Material for this task =
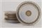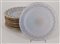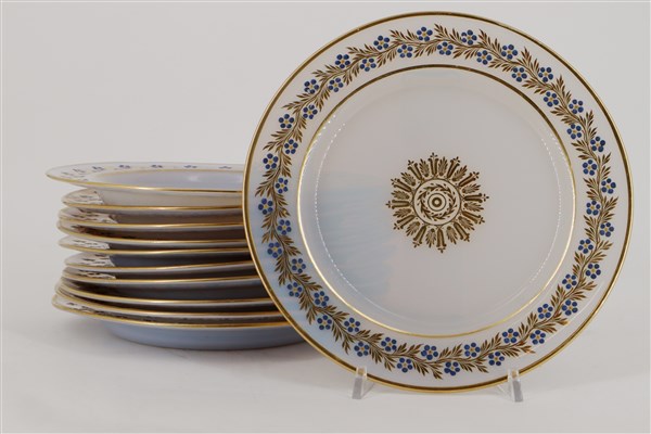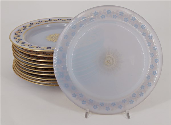 Manifattura del secolo XIX. Gruppo di undici piatti in vetro opalino decorati a corolle e rosoni in oro con fiori blu, profili in oro (d cm 22) (difetti)
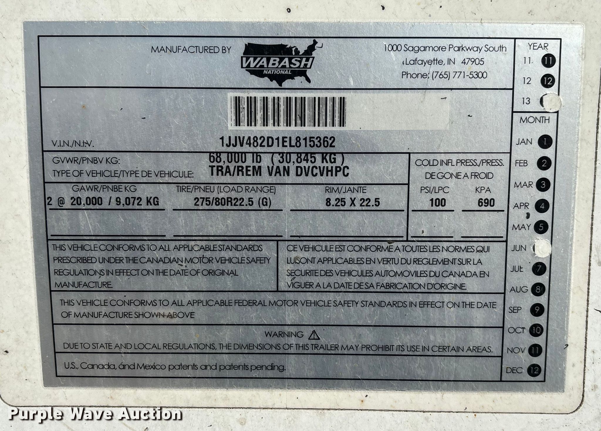 Purple Wave is selling a used Dry Van Trailer in Illinois. This item is a 2014 Wabash Duraplate dry van trailer with the following: VIN: 1JJV482D1EL815362, Unit #: 54110R
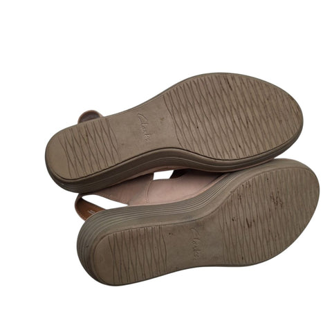 Clarks Soft Cushion Sandal Wedge Shoes Adjustable Straps Womens 9 Wide Beige Like new- every strap across the top opens and adjusts as needed. Beige/tan in color.
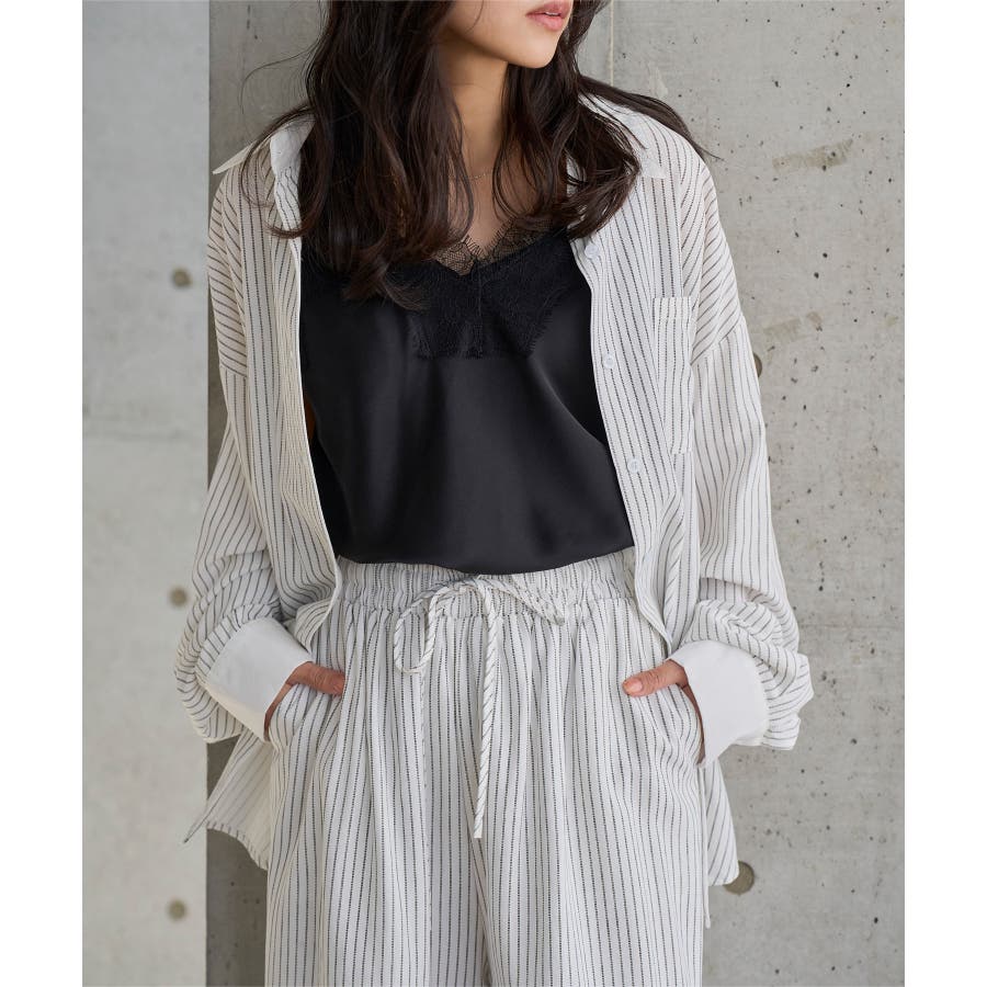 ストライプ柄がスタイリッシュで軽やかな薄手のシャツ素材。メンズライクなオーバーシルエットのルーズ感がこなれた表情に。見せインナーとのレイヤードやビスチェ合わせなどトレンドスタイルにアレンジも楽しめます。
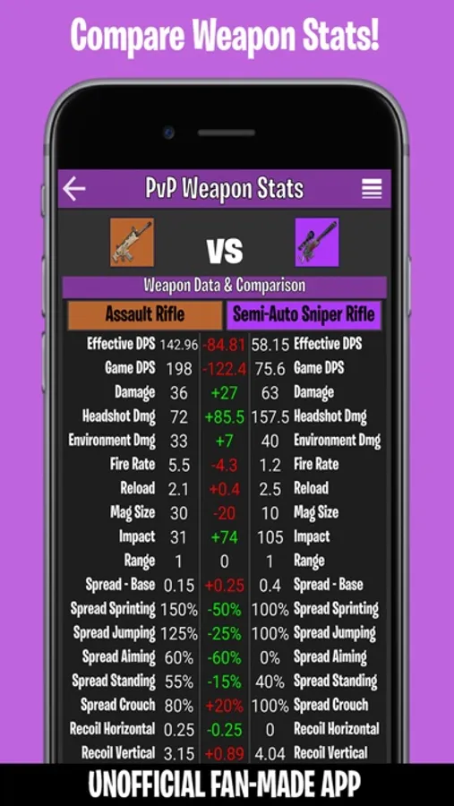 - Weapon Stats with comparison tool for all Battle Royale Weapons.

Exercise directions = Please write out exactly the lines from the one containing "ストライプ柄がスタイリッシュ" through the last line of the records above, and leave out any pictures.

Answer box =
 ストライプ柄がスタイリッシュで軽やかな薄手のシャツ素材。メンズライクなオーバーシルエットのルーズ感がこなれた表情に。見せインナーとのレイヤードやビスチェ合わせなどトレンドスタイルにアレンジも楽しめます。
 - Weapon Stats with comparison tool for all Battle Royale Weapons.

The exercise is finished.